Influence
- Sigmund Freud built on Tarde's ideas of imitation and suggestion for his work on the theory of the crowd.
- Everett Rogers furthered Tarde's "laws of imitation" in the 1962 book Diffusion of innovations.
- From the late 1990s and continuing today, Tarde's work has been experiencing a renaissance. Spurred by the re-release of his essay Monadologie et Sociologie by Institut Synthelabo under the guidance of Gilles Deleuze's student Eric Alliez, Tarde's work is being re-discovered as a harbinger of postmodern French theory, particularly as influenced by the social philosophers Gilles Deleuze and Félix Guattari.

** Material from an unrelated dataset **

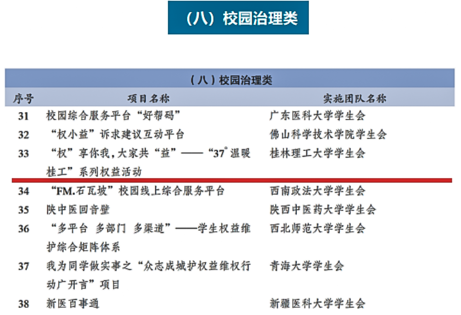 校学生会《“权”享你我,大家共“益”——“37°温暖桂工”系列权益活动》入选全国高校学生会组织“我为同学做实事”项目交流展示

For example, it has recently been revealed that in Difference and Repetition, Deleuze's milestone book which effected his transition to a more socially-aware brand of philosophy and his writing partnership with Guattari, Deleuze in fact re-centered his philosophical orientation around Tarde's thesis that repetition serves difference rather than vice versa. Also on the heels of the re-release of Tarde's works has come an important development in which French sociologist Bruno Latour has referred to Tarde as a possible predecessor to Actor-Network Theory in part because of Tarde's criticisms of Durkheim's conceptions of the Social.
A book on the Social after Gabriel Tarde, Debates and Assessments, is planned for release by Routledge in 2009, and is likely to provide the first set of mature critiques of the recent renaissance of Tarde as well as to suggest models for scholars to use Tarde's thought in their scholarship. This book is expected to include contributions that philosophically reflect the Latourian (including a contribution from Latour himself) as well as Deleuzian approaches to Tarde, and to also highlight a number of new ways Tarde is being adapted in terms of methods in contemporary sociology, particularly in the area of ethnography, and the study of online communities. Additionally, in 2010, Bruno Latour and Vincent Antonin Lepinay released a short book called The Science of Passionate Interests: An Introduction to Gabriel Tarde's Economic Anthropology, in which they show how Tarde's work offers a strong critique of the foundations of the economics discipline and economic methodology.